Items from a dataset

____

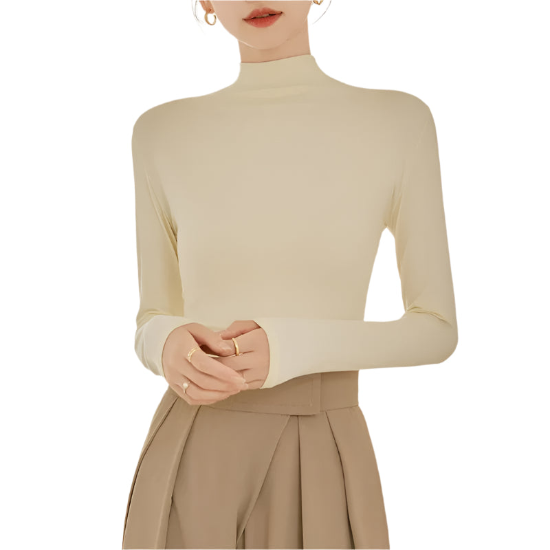 Verfraai je garderobe met dit veelzijdige T-shirt met hoge kraag en lange mouwen voor dames. Het slim-fit model is ontworpen voor comfort en stijl en omhelst je figuur met een flatterend silhouet. De hoge kraag biedt extra warmte en een vleugje verfijning, waardoor het de perfecte laagjesstof is voor elk seizoen.
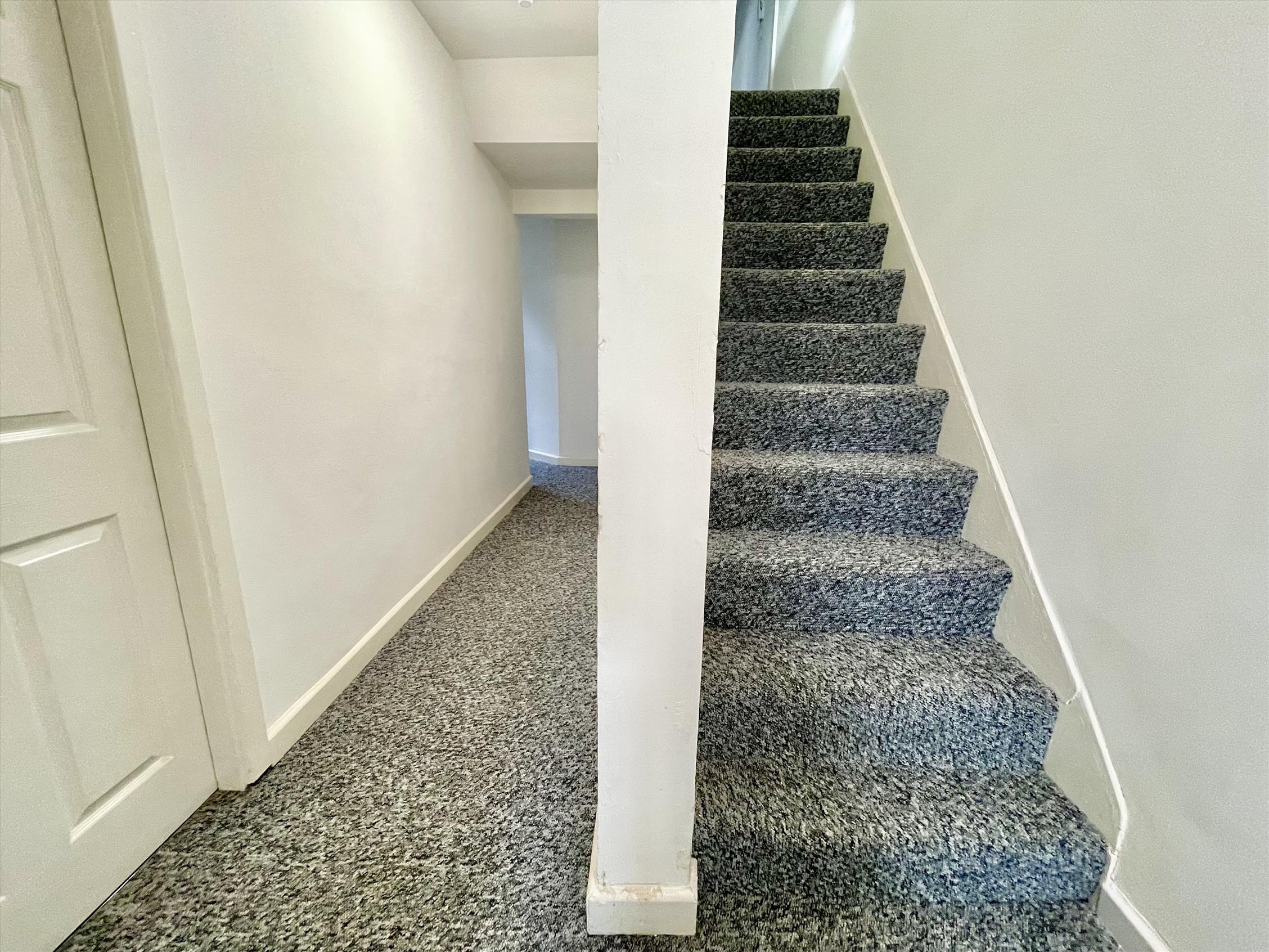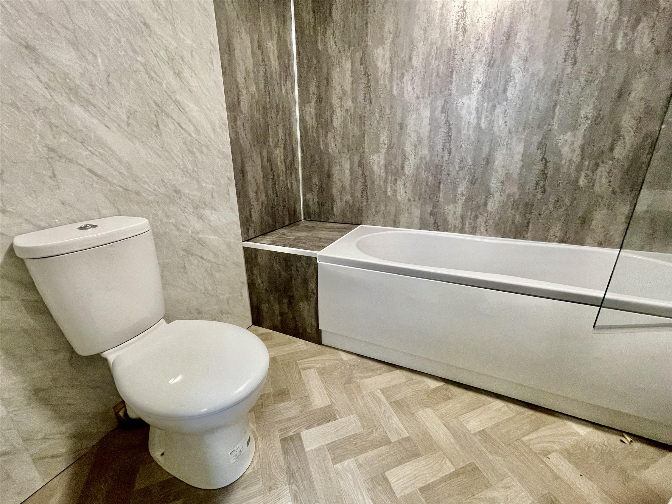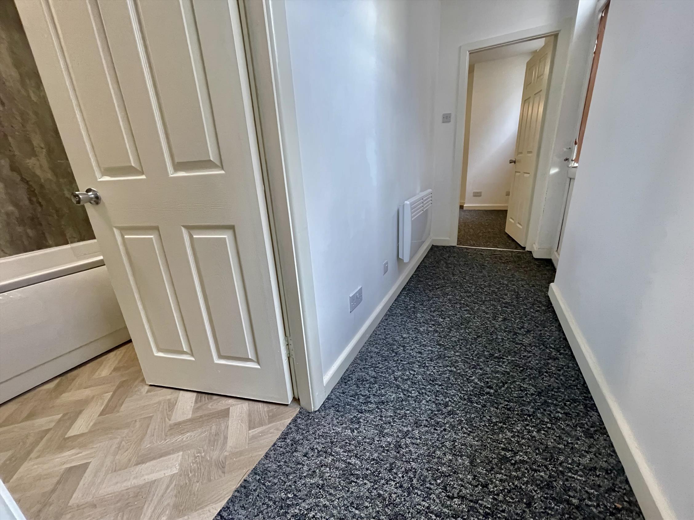 The flat has a hallway leading through to the living room/bedroom, with a separate space for the kitchen through an archway, which is fit with Midnight Blue carcasses and brand new appliances. Towards the rear of the flat is another hallway which follows through to the three-piece suite bathroom with additional showerhead over the bath. There is also private access to the rear communal yard from this flat.
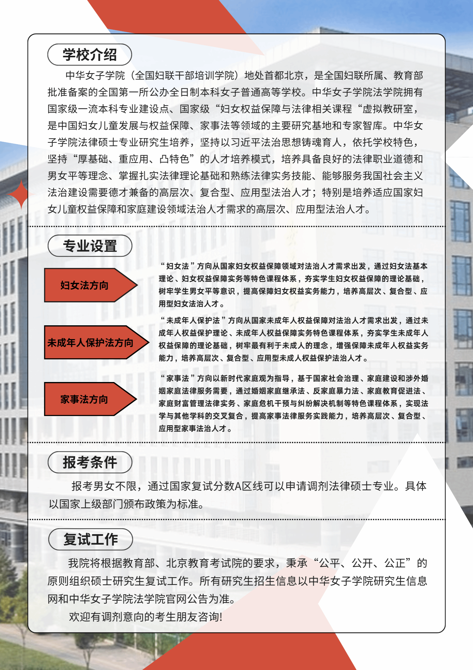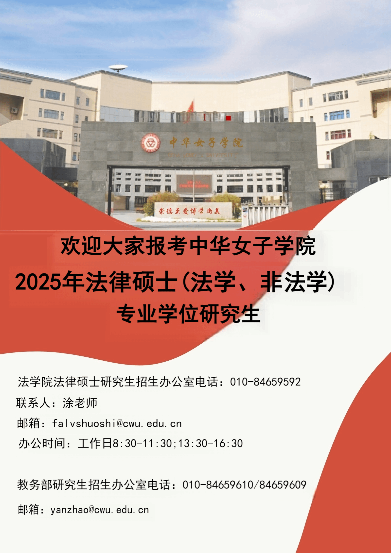 歡迎大家報考中華女子學院2025年法律碩士專業學位研究生!
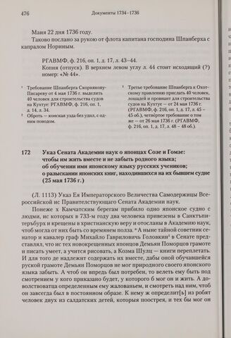 Указ Сената Академии наук о японцах Созе и Гомзе: чтобы им жить вместе и не забыть родного языка; об обучении ими японскому языку русских учеников; о разыскании японских книг, находившихся на их бывшем судне. 25 мая 1736 г. // РГАДА, ф. 248, оп. 4, кн. 164, л. 1113-1114.
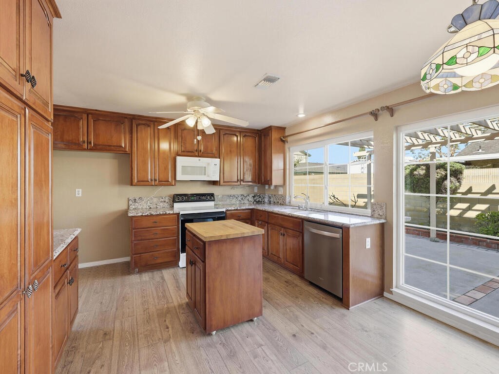 Luxury Ponderosa Home in Prime Cerritos Cul-de-Sac. Nestled at the end of a quiet cul-de-sac, this beautifully maintained Ponderosa-built residence offers approximately 2,389 sq. ft. of refined living space with 4 bedrooms, 3 bathrooms, and a spacious 350+ sq. ft. bonus room. Situated on an oversized pie-shaped lot with rare RV access, this home offers exceptional space, privacy, and potential. Inside, soaring ceilings and abundant natural light enhance the formal living and dining areas, while the upgraded kitchen features granite countertops, a gas range, and a full pantry. The kitchen opens to a welcoming family room with a fireplace and views of the covered patio—perfect for indoor-outdoor entertaining. A downstairs bedroom and ¾ bath provide ideal flexibility for guests or a private office. Upstairs includes a generous primary suite with a dressing area, dual wardrobes, and a recently remodeled bath, along with additional bedrooms and a remodeled hall bathroom. Additional highlights include dual-pane windows, a newer A/C and heating system, and a north-facing backyard. The oversized lot offers room for a pool, RV/boat storage, or a potential ADU (buyer to verify). Located near shopping, dining, and freeway access within the highly acclaimed ABC Unified School District—walking distance to Whitney High Magnet School (requires testing to attend) and Cerritos Park East—this exceptional home is a rare offering.
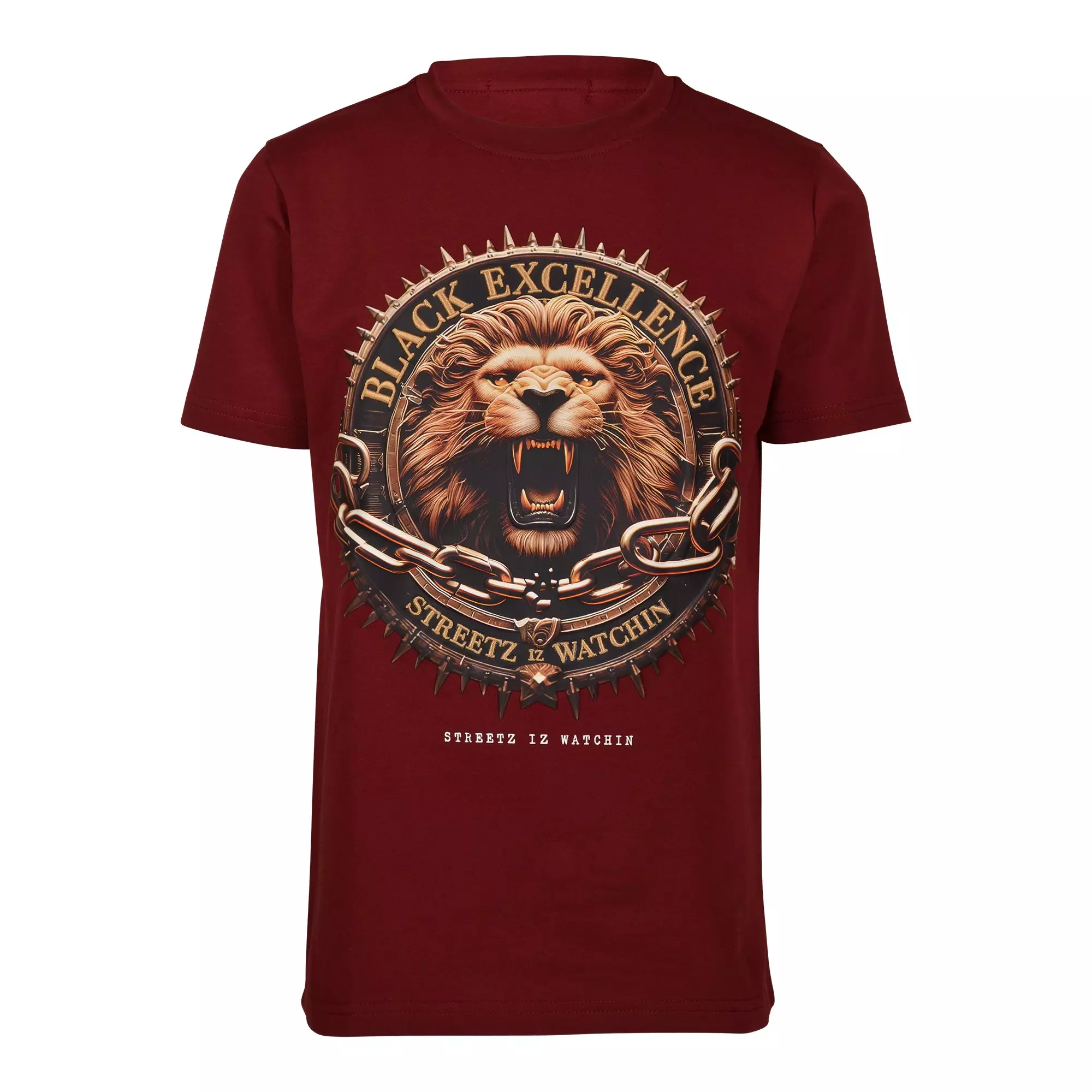 The Streetz Iz Watchin Big Boys' Black Excellence Lion Tee showcases a bold lion graphic on the front. This design captures attention and adds dynamic edge to any style.
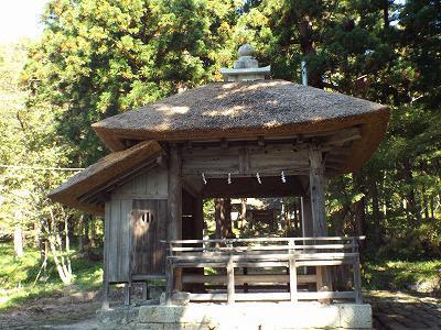 朝から雨模様でした。写真は安久津八幡神社の舞楽殿です。5月2日と9月15日に舞が披露されます。このたび かやぶき屋根が入れ替えられました。

____

TASK OBJECTIVE:
All of the records need to be reproduced exactly, with each picture omitted.

REPLY:
 Verfraai je garderobe met dit veelzijdige T-shirt met hoge kraag en lange mouwen voor dames. Het slim-fit model is ontworpen voor comfort en stijl en omhelst je figuur met een flatterend silhouet. De hoge kraag biedt extra warmte en een vleugje verfijning, waardoor het de perfecte laagjesstof is voor elk seizoen.
 The flat has a hallway leading through to the living room/bedroom, with a separate space for the kitchen through an archway, which is fit with Midnight Blue carcasses and brand new appliances. Towards the rear of the flat is another hallway which follows through to the three-piece suite bathroom with additional showerhead over the bath. There is also private access to the rear communal yard from this flat.
 歡迎大家報考中華女子學院2025年法律碩士專業學位研究生!
 Указ Сената Академии наук о японцах Созе и Гомзе: чтобы им жить вместе и не забыть родного языка; об обучении ими японскому языку русских учеников; о разыскании японских книг, находившихся на их бывшем судне. 25 мая 1736 г. // РГАДА, ф. 248, оп. 4, кн. 164, л. 1113-1114.
 Luxury Ponderosa Home in Prime Cerritos Cul-de-Sac. Nestled at the end of a quiet cul-de-sac, this beautifully maintained Ponderosa-built residence offers approximately 2,389 sq. ft. of refined living space with 4 bedrooms, 3 bathrooms, and a spacious 350+ sq. ft. bonus room. Situated on an oversized pie-shaped lot with rare RV access, this home offers exceptional space, privacy, and potential. Inside, soaring ceilings and abundant natural light enhance the formal living and dining areas, while the upgraded kitchen features granite countertops, a gas range, and a full pantry. The kitchen opens to a welcoming family room with a fireplace and views of the covered patio—perfect for indoor-outdoor entertaining. A downstairs bedroom and ¾ bath provide ideal flexibility for guests or a private office. Upstairs includes a generous primary suite with a dressing area, dual wardrobes, and a recently remodeled bath, along with additional bedrooms and a remodeled hall bathroom. Additional highlights include dual-pane windows, a newer A/C and heating system, and a north-facing backyard. The oversized lot offers room for a pool, RV/boat storage, or a potential ADU (buyer to verify). Located near shopping, dining, and freeway access within the highly acclaimed ABC Unified School District—walking distance to Whitney High Magnet School (requires testing to attend) and Cerritos Park East—this exceptional home is a rare offering.
 The Streetz Iz Watchin Big Boys' Black Excellence Lion Tee showcases a bold lion graphic on the front. This design captures attention and adds dynamic edge to any style.
 朝から雨模様でした。写真は安久津八幡神社の舞楽殿です。5月2日と9月15日に舞が披露されます。このたび かやぶき屋根が入れ替えられました。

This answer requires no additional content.